Populistische und radikale Parteien sind nicht nur Parteien, sie sind verfassungsrechtliche Bewegungen. Sie ver- sprechen den Wählern das, was die liberale Demokratie nicht kann: ein Gefühl des Sieges, bei dem die Mehrheiten – politische, ethnische, religiöse – tun können, was sie wollen. Der Aufstieg dieser Parteien ist symptomatisch für die Explosion der bedrohten Mehrheit als politische Kraft. Sie halten den Verlust der Kontrolle über ihr Leben für eine Verschwörung der kosmopolitschen Eliten und der stammesorientierten Migranten. Sie glauben, liberale Ideen und Institutionen schwächen die nationale Einheit. Sie halten Kompromisse für Korruption und Eifer für Überzeugung. Ängstliche Mehrheiten empört, dass sie trotz ihres Rechts zu regieren (sie sind immerhin die Mehrheit) nie das letzte Wort haben. Daher machen sie die Gewaltentrennung und andere unbequeme Prinzipien der liberalen Demokratie für ihren Frust verantwortlich – und schließen sich Parteien wie Gesetz und Gerechtigkeit in Polen oder Fidesz in Ungarn an.
Die Reaktion auf die Flüchtlingskrise hat gezeigt, dass bedrohte Mehrheiten Angst haben, Verlierer der Globalisierung zu werden. Die Globalisierung mag zum Aufstieg der Mittelklasse außerhalb der entwickelten Welt geführt haben, hat aber das wirtschaftliche und politische Fundament der Mittelklasse im Nachkriegseuropa erodiert. In diesem Sinne repräsentiert der neue Populismus nicht nur die Verlierer von heute, sondern auch die möglichen Verlieren von morgen. Es sind demografische Vorstellungen, die die Weltsicht der bedrohten Mehrheiten formen. Lebensthema Europa.
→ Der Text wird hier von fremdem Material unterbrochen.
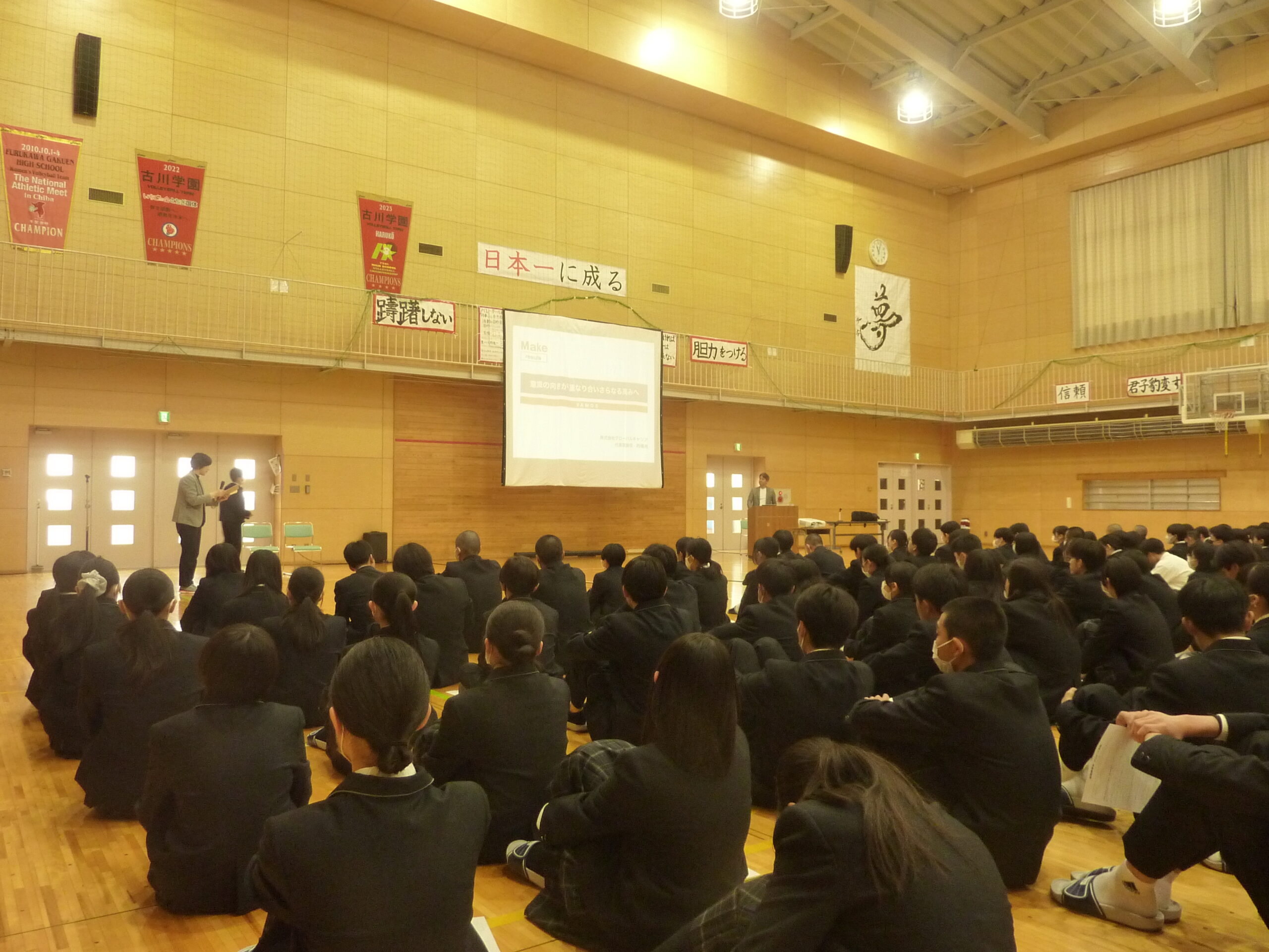 様々な問いや映像を交えながら話していただき、生徒たちは楽しみながらも多くのことを感じ取り、これからの高校生活について決意を新たにしていたようです。

In vielen Aspekten ähnelt die Einstellung der populistischen Regierungen in Osteuropa dem Verhalten der zweiten Generation von Migranten. In der ersten Generation machten Politiker wie Vaclav´ Havel den Beitritt zur Europäischen Union zu ihrem Lebensthema. Sie wollten beweisen, dass Osteuropäer europäischer sein können als Westeuropäer. Die neue Generation der Regierenden erfährt aber den ständigen Druck, europäische Normen umsetzen zu müssen, als Erniedrigung und baut ihre Legitimation darauf, die nationale Identität in Brüssel zu verteidigen.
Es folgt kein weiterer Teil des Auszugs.